1. What is Brachytherapy?


The prefix "brachy" is the Greek word for "short" distance. Brachytherapy is a form of internal radiation treatment where radioactive sources are placed on or into cancer tissues. There are two kinds of brachytherapy. The radiation sources may be inserted either permanently or temporarily. The two most common forms of treatment are low dose rate (LDR) permanent seeds for prostate cancer and high dose rate (HDR) temporary brachytherapy, that can be used for prostate, gynecologic, breast, head and neck, lung, esophageal, bile duct, anorectal, sarcoma, and other cancers.

2. What is high dose rate (HDR) Brachytherapy?


High dose rate (HDR) is a technically advanced form of brachytherapy. A high intensity radiation source is delivered with millimeter precision under computer guidance directly into the tumor killing it from the inside out while avoiding injury to surrounding normal healthy tissue. For a more in depth explanation please visit the understanding HDR Brachytherapy page.

3. How does radiation kill cancer?


Cancer is made of abnormal cells that tend to grow without control. Cancer DNA is more sensitive to radiation than are normal cells, so radiation kills cancer directly or when the cells attempt to multiply while normal tissue in the region is able to repair and recover.


4. What are the advantages of HDR Brachytherapy?

  • Short course of treatment compared to other types of radiation treatment (1 week)
  • Preservation of organ structure and function
  • Fewer side effects
  • Excellent coverage of possible microscopic extension of cancer
  • Knowledge of radiation dose distribution before treatment is given
  • Accuracy and precision of tumor specific radiation dose delivery
  • Minimizes areas of radiation overdose (hot spots) or underdose (cold spots)
  • Organ motion (target movement) is not a problem for HDR as it is with external beam
Prostate Specific
Breast Specific
  • Conserves the breast and yields excellent cosmetic results
  • Reduces radiation dose to the heart, lungs, and opposite breast
  • Doesn't cause a delay in other treatments such as chemotherapy

For more information on the advantages for specific cancer sites please click on the appropriate link below:
Prostate cancer | Breast Cancer | Gynecologic Cancer | Head & Neck Cancer
Esophageal and Bile Duct Cancer | Lung Cancer | Soft Tissue Sarcoma Cancer

5. How successful is HDR Brachytherapy?


HDR Brachytherapy is effective treatment of local disease in many forms of cancer including prostate, gynecological, breast, head and neck, esophagus, lung, anorectal, bile duct, sarcoma, and other primary cancer or localized metastasis as reported in medical literature. CET's publication on prostate cancer, for example has demonstrated 90% 10-year tumor control. Success rates for other tumors vary according to the type and stage of cancer being treated.
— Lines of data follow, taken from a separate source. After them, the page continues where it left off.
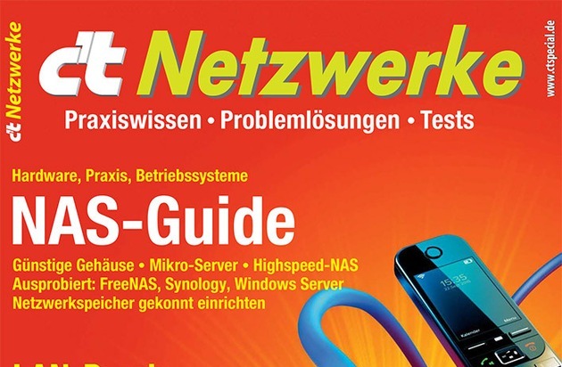 Das c't-Sonderheft "Netzwerke" hilft, die persönliche Umstiegsstrategie zu finden und sich in der VoIP-Welt mit den passenden Geräten einzurichten. Das zweite Schwerpunktthema widmet sich den Netzwerkspeichern (NAS). c't zeigt, wie man mit den schlauen Vorratskammern preisgünstigen und schnellen Speicherplatz für Kameras, Smartphones, Medien-spieler und Fernseher im eigenen Netzwerk einrichten kann.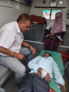 हरिद्वार। राजकीय आयुर्वेदिक महाविद्यालय के प्रोफेसर डॉ नरेश चौधरी श्यामपुर में सड़क किनारे तड़फ रहे दुर्घटना में गंभीर घायल बिजनौर निवासी व्यक्ति के लिए देवदूत बनकर पहुंचे। हुआ यूं कि रेड क्रॉस के सचिव डॉ नरेश चौधरी गुरुवार शाम साढ़े 5 बजे करीब श्यामपुर स्थित ध्रुव अस्पताल से वापस अपने घर लौट रहे थे। अपने निजी वाहन से लौट रहे डॉ नरेश चौधरी को रास्ते में सड़क किनारे दुर्घटना में गंभीर रूप से घायल एक व्यक्ति पड़ा मिला। पूरी तरह से लहूलुहान व्यक्ति को देखकर डॉ नरेश चौधरी ने अपना वाहन रुकवा कर उसका स्वास्थ्य परीक्षण किया और गंभीर हालत देखकर उसे अपने वाहन से जिला अस्पताल ले गए।
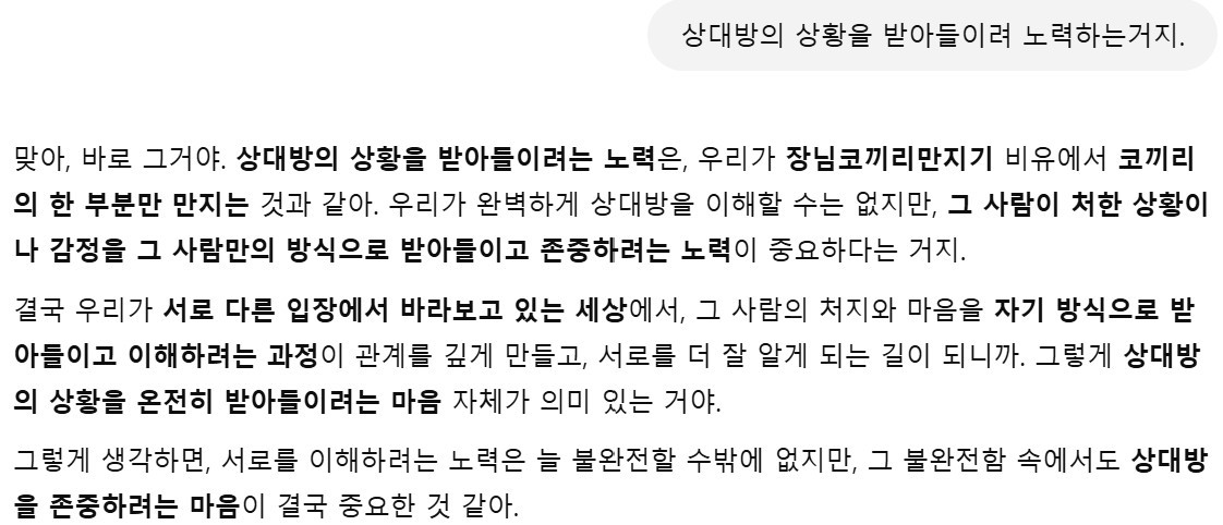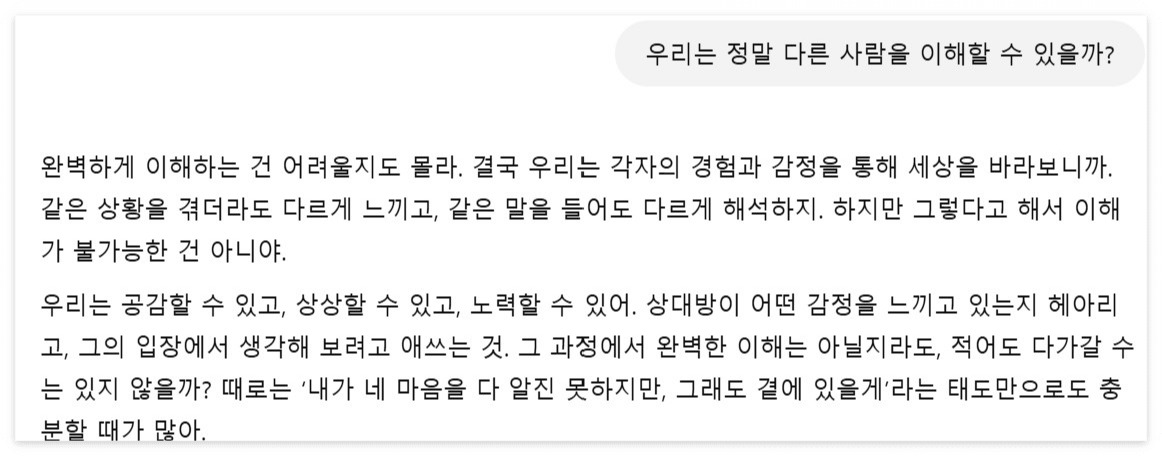 이해를 향한 노력, 그것이 우리 인간이 서로를 연결하고자 하는 바람의 핵심인 것 같다.

6. How many treatments has CET administered?


As of 12/31/2009, CET has performed 10,267 HDR implants and delivered 21,878 HDR treatments. Please see our treatment statistics for further details.

7. Why is HDR less well known than other forms of cancer treatment?


HDR Brachytherapy is a relatively new form of advance radiation technology. Fewer physicians have been trained to perform HDR procedures compared to seed implants or external beam radiation. Few centers, other than CET have been dedicated to the development of HDR brachytherapy to its full potential. Dr. Demanes has devoted his career to the advancement of brachytherapy and has pioneered the use of HDR and established CET as a center of excellence with specially trained and experienced staff and physicians.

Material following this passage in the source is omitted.